WORLD CUP: POLITICS ON THE PITCH

Last week, we looked at a few ways in which the World Cup reflected broader themes in global politics. During an intensive review of the action this week, Alex Kliment, Signal’s unofficial tournament correspondent, spotted two new examples of politics on the pitch:


Balkan Bad Blood

Switzerland’s stirring last minute victory over Serbia last week dripped with Balkan political intrigue. Three of the Swiss team’s biggest stars have roots in Kosovo, the ethnically-Albanian province that won independence from Serbia after a brutal war in the 1990s. Serb nationalists consider Kosovo to be historically part of their country, so when two ethnic-Albanian Swiss players celebrated their goals by flashing a nationalist hand signal (pictured above) that mimics the distinctive Albanian double-headed eagle, things got hot fast.

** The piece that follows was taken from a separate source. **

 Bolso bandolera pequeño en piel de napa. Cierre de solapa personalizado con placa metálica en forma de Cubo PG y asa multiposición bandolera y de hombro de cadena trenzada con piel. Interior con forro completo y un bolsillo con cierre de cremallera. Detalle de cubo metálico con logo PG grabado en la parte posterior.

FIFA rules prohibit on-field political displays. After an investigation, the players escaped with a fine, but the politics didn’t stop there. After the game, Serbia’s coach said the German referee — who failed to award a penalty after an egregious foul against Serbian striker Aleksandar Mitrovic — should be sent “to the Hague” to be tried “like they did to us.” The Hague, of course, is home to the international tribunal that prosecuted dozens of people for crimes committed during the Yugoslav civil wars, many of them ethnic Serbs.

The Bavarians Again

Meanwhile, in an eerie reflection of the broader uncertainty that plagues Germany’s coalition government, the German national squad also reportedly suffers from a rift between a faction of “Bavarians” (in this case Thomas Muller, Mats Hummels, and Manuel Neuer who all play for Bayern Munich) and the so-called “bling bling gang” which includes Mesut Özil, Jerome Boateng, and Sami Khedira. Supposedly, there is a long running disagreement between the blingers, who are all of immigrant origins, and the Bavarians about whether it was right to leave Leroy Sane, a German footballer of Senegalese ancestry, off the squad. The alleged friction comes as the conservative Bavarian CSU is split with Chancellor Merkel over letting in non-ethnic Germans into the country.

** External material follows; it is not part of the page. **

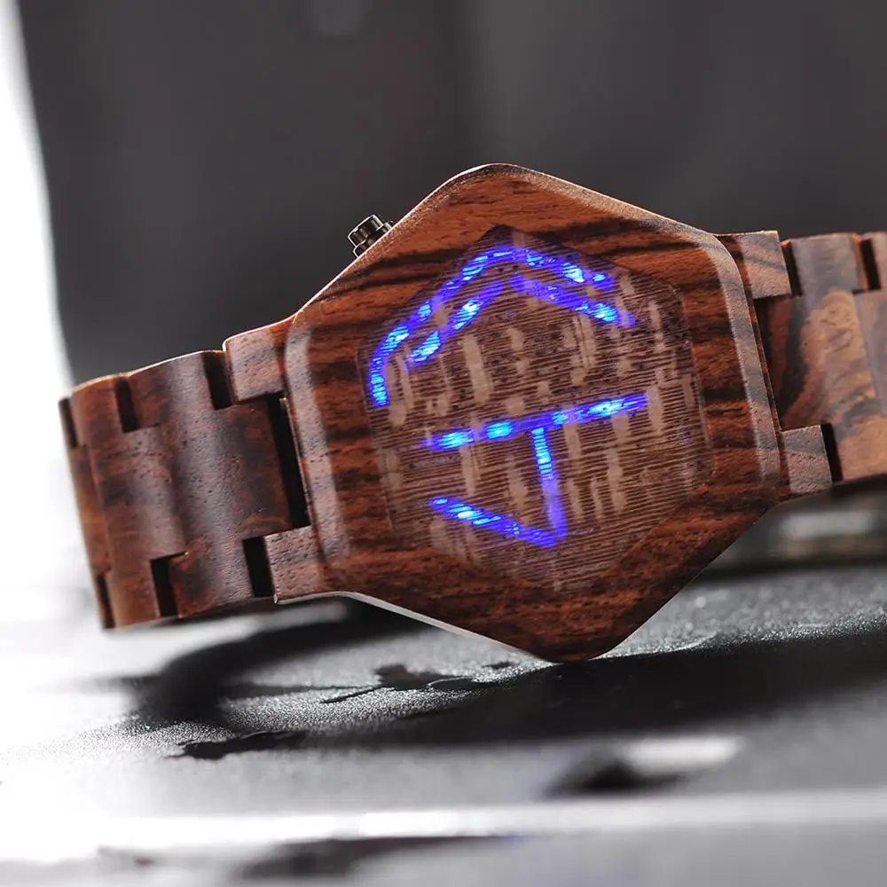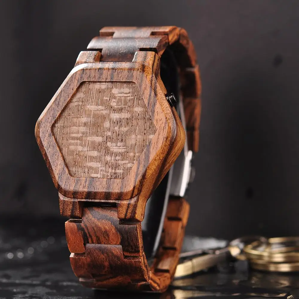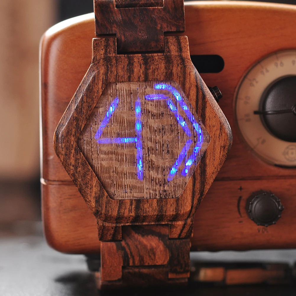 Мужские часы BOBO BIRD, светодиодный деревянные мужские часы, цифро...

Finally, yes, German midfielder Toni Kroos’s game-winning strike in the final seconds of extra time against the Swedes was one of the most beautiful goalsyou’ll ever see (go on, watch it again, you know you want to). But it may have been a political, and not just a sporting, accomplishment: by sparing Germany the national humiliation of crashing out of the tournament in the first round, Kroos might just have offered a little relief to the embattled Merkel. The squad’s post-match rapport certainly left the team’s fans in a more cheerful mood.